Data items
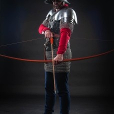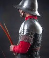 This man – English archer – wore plate spaulders. This cool guy’s outfit wasn’t that fashionable in the capital, however, trendy in Surrey. Simple chain mail, almost like this one (only a little bit shorter plus made of stainless steel), worn under the leather jack, and cabasset on the head. But the most interesting armor part was the shoulder blades that he got as a trophy from the fallen knight (do not ask how this happened, believe me – you don’t want to know).
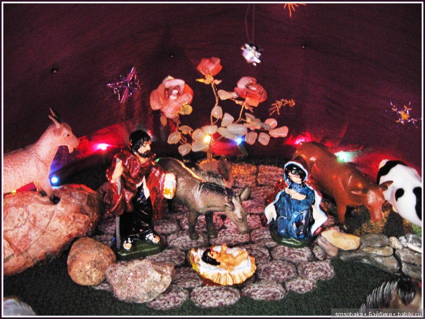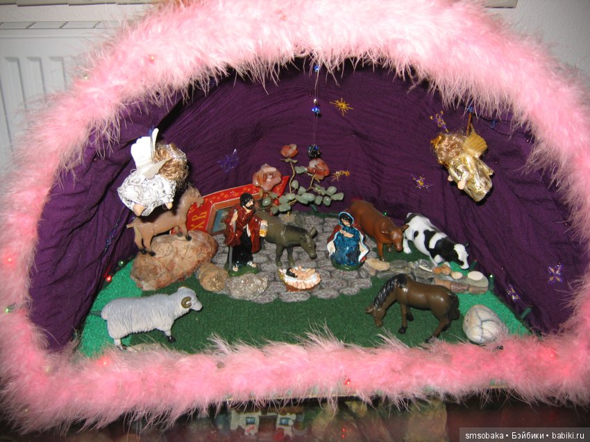 И фигурки животных, и младенца Иисуса, и Марию с Иосифом, даже огонечки сделала! )) Очень здорово, молодец!
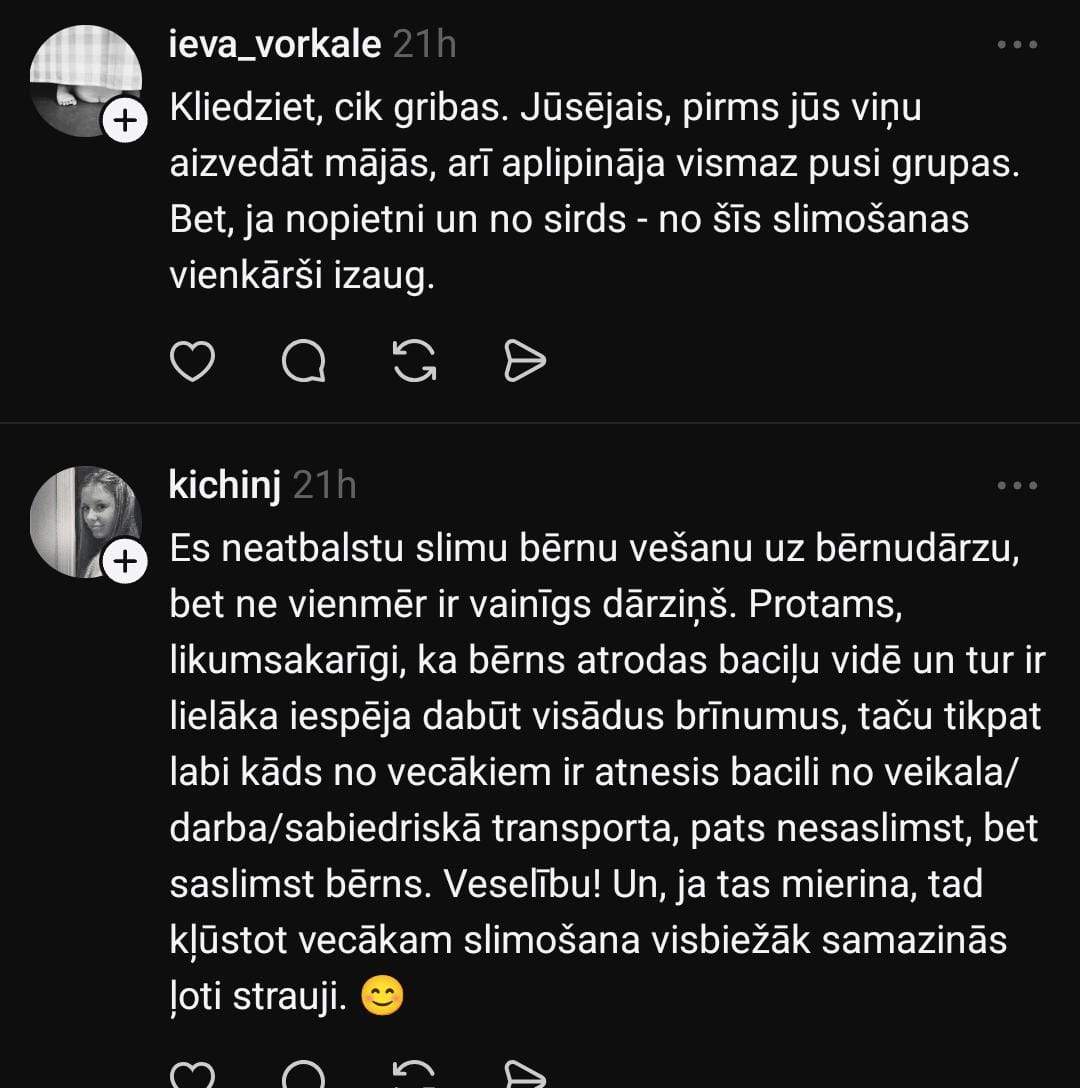 Kāda cita soctīkla lietotāja izsakās tieši un konkrēti: “Ai man atkal tracina šīs raganu medības. Nevaru ciest! Mammas, kas psiho par to, ka citas mammas ķip ved slimus bērnus uz dārziņu un Jūsējais no tā nokrīt ar kaut kādu zarazu – jūs gribat teikt, ka nekur citur bez mājām un dārziņā Jūs un ģimenes locekļi neuzturas, kur varētu gada tumšajā periodā būt baciļi? Uz/no darba neejat, veikalā arī ne, un laukumiņā jau nu galīgi ne? Es nesaku ka ir ok vest slimus bērnus, kam ir caureja, vemšana, temperatūra- tas nav gudri, BET…
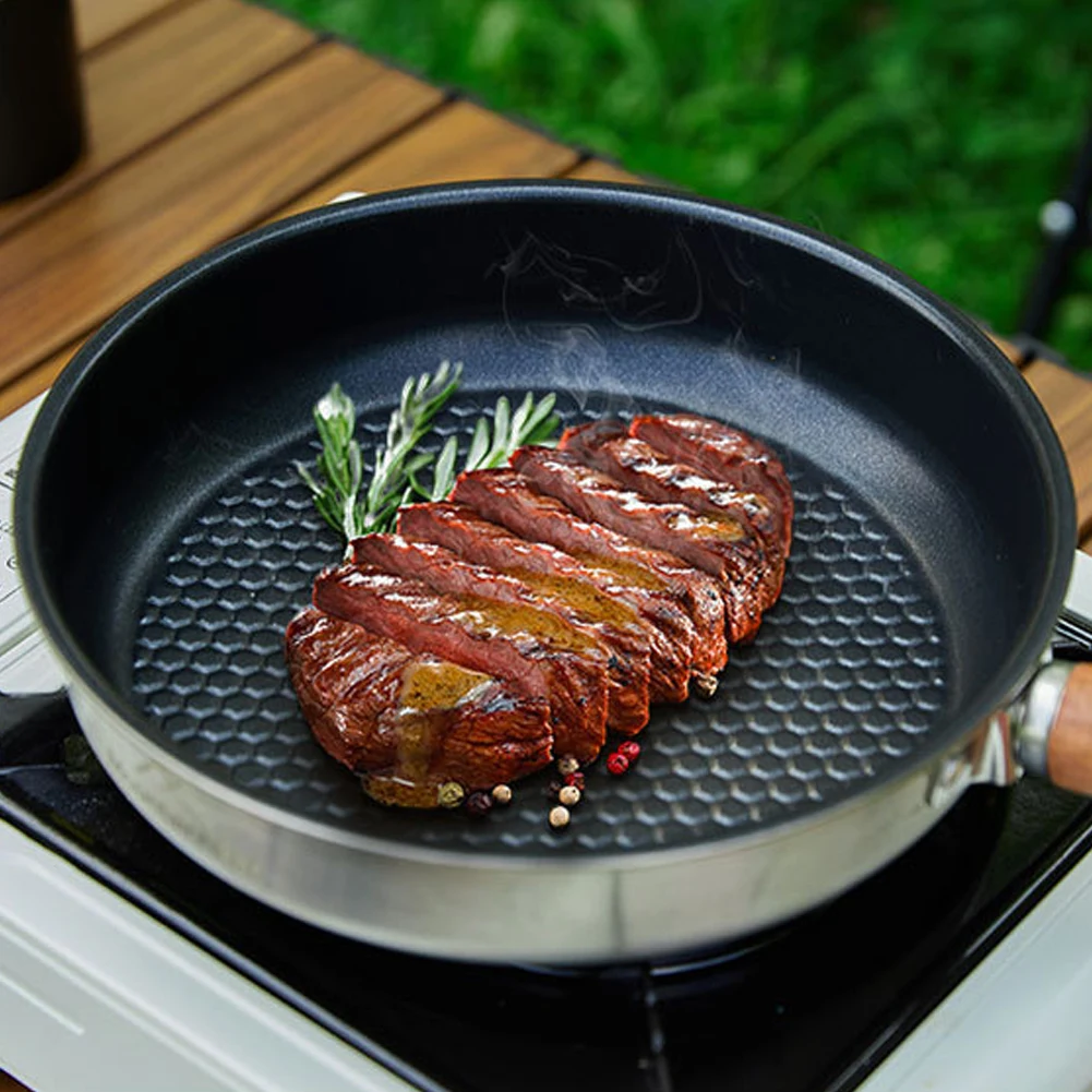 Outdoor Camping Frying Pan Nonstick Coating Breakfast Egg Pancake Pot Stainless Steel Portable Cooking Pan for Outdoor Hiking
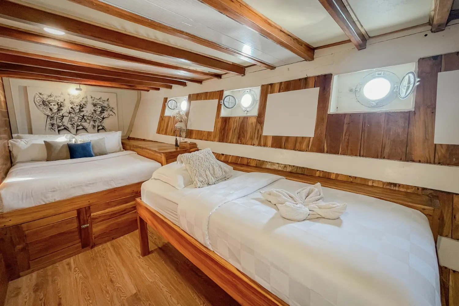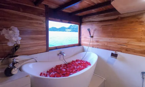 Measuring a generous 31 meters in length, and 5,5 meters in wide, it have 6 cabins are comfortably appointed for fourteen up to eighteen guests, making Vinca the perfect home base for private event charter groups and extended cruising that ensuring you have a relaxing journey accompanied by our professional and friendly crews.
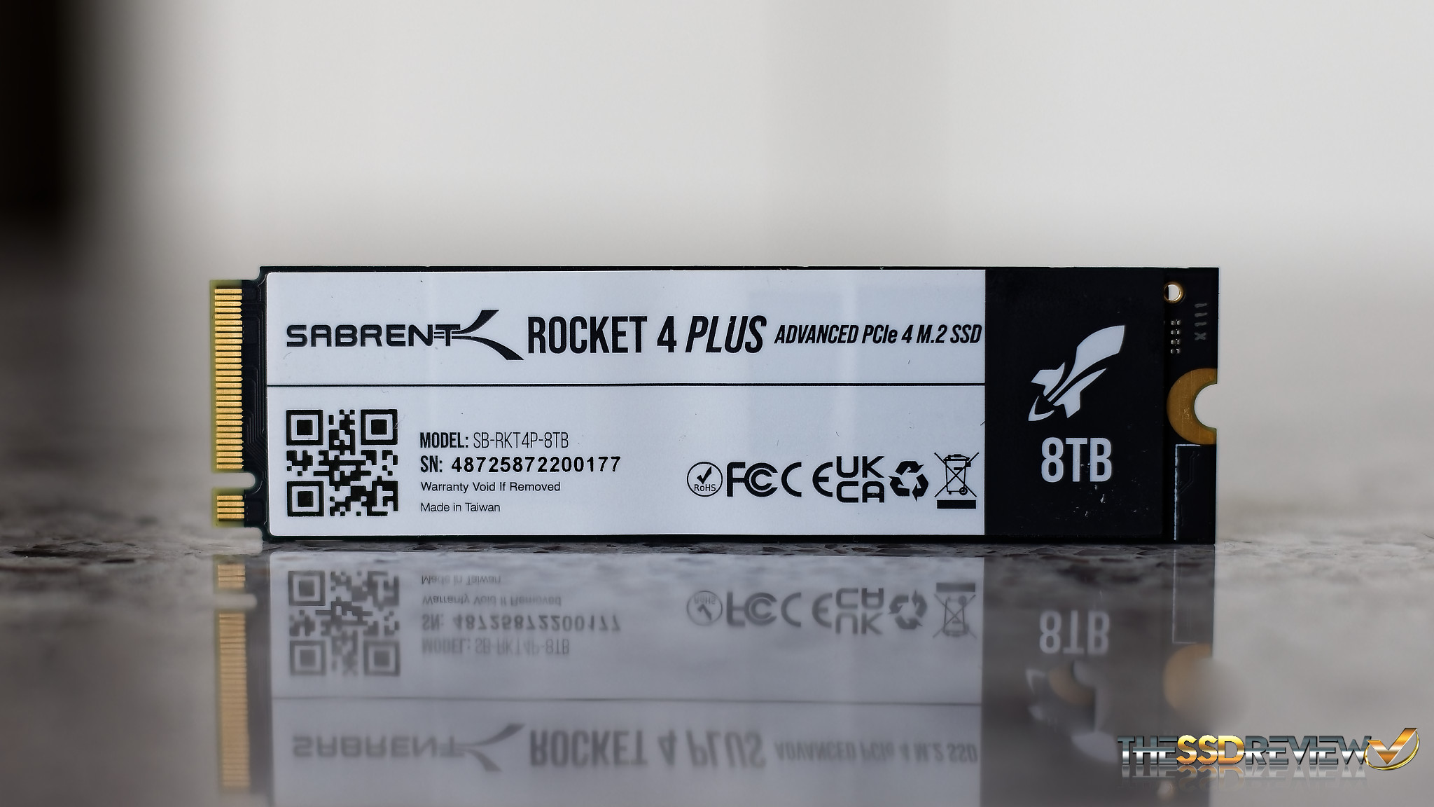 The Sabrent Rocket 4 Plus 8TB SSD is a PCIe 4.0 4-lane M.2 2280 form factor (22mm wide 80mm long) SSD that is NVMe 1.4 compliant. It’s performance drops slightly from the 4TB version (7.1GB/s read and 6.6GB/s write) where it is now 7GB/s read and 6GB/s write. There actually seems to be a bit of confusion as both speeds can be found relating to this SSD, however, our report relies on their own website tech specs
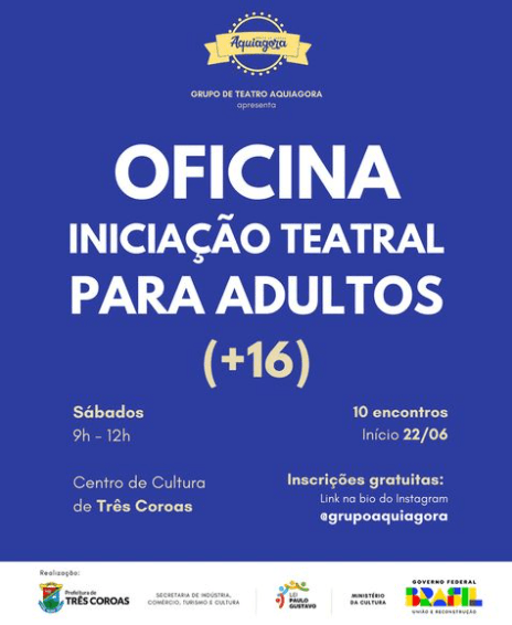 O Grupo de Teatro Aquiagora, de Três Coroas, abriu inscrições para a Oficina de Iniciação Teatral para adultos. As aulas são voltadas para adultos, portanto, podem participar pessoas a partir de 16 anos de idade, sem limite máximo. Serão 10 encontros, que acontecerão aos sábados, das 9h às 12h, no Centro de Cultura de Três Coroas (Rua Luís Volkart, 155 – Centro). A data de início será no dia 22 de junho.

What this task involves. Restate the data above word for word. Do not include the images.

The completed task.
 This man – English archer – wore plate spaulders. This cool guy’s outfit wasn’t that fashionable in the capital, however, trendy in Surrey. Simple chain mail, almost like this one (only a little bit shorter plus made of stainless steel), worn under the leather jack, and cabasset on the head. But the most interesting armor part was the shoulder blades that he got as a trophy from the fallen knight (do not ask how this happened, believe me – you don’t want to know).
 И фигурки животных, и младенца Иисуса, и Марию с Иосифом, даже огонечки сделала! )) Очень здорово, молодец!
 Kāda cita soctīkla lietotāja izsakās tieši un konkrēti: “Ai man atkal tracina šīs raganu medības. Nevaru ciest! Mammas, kas psiho par to, ka citas mammas ķip ved slimus bērnus uz dārziņu un Jūsējais no tā nokrīt ar kaut kādu zarazu – jūs gribat teikt, ka nekur citur bez mājām un dārziņā Jūs un ģimenes locekļi neuzturas, kur varētu gada tumšajā periodā būt baciļi? Uz/no darba neejat, veikalā arī ne, un laukumiņā jau nu galīgi ne? Es nesaku ka ir ok vest slimus bērnus, kam ir caureja, vemšana, temperatūra- tas nav gudri, BET…
 Outdoor Camping Frying Pan Nonstick Coating Breakfast Egg Pancake Pot Stainless Steel Portable Cooking Pan for Outdoor Hiking
 Measuring a generous 31 meters in length, and 5,5 meters in wide, it have 6 cabins are comfortably appointed for fourteen up to eighteen guests, making Vinca the perfect home base for private event charter groups and extended cruising that ensuring you have a relaxing journey accompanied by our professional and friendly crews.
 The Sabrent Rocket 4 Plus 8TB SSD is a PCIe 4.0 4-lane M.2 2280 form factor (22mm wide 80mm long) SSD that is NVMe 1.4 compliant. It’s performance drops slightly from the 4TB version (7.1GB/s read and 6.6GB/s write) where it is now 7GB/s read and 6GB/s write. There actually seems to be a bit of confusion as both speeds can be found relating to this SSD, however, our report relies on their own website tech specs
 O Grupo de Teatro Aquiagora, de Três Coroas, abriu inscrições para a Oficina de Iniciação Teatral para adultos. As aulas são voltadas para adultos, portanto, podem participar pessoas a partir de 16 anos de idade, sem limite máximo. Serão 10 encontros, que acontecerão aos sábados, das 9h às 12h, no Centro de Cultura de Três Coroas (Rua Luís Volkart, 155 – Centro). A data de início será no dia 22 de junho.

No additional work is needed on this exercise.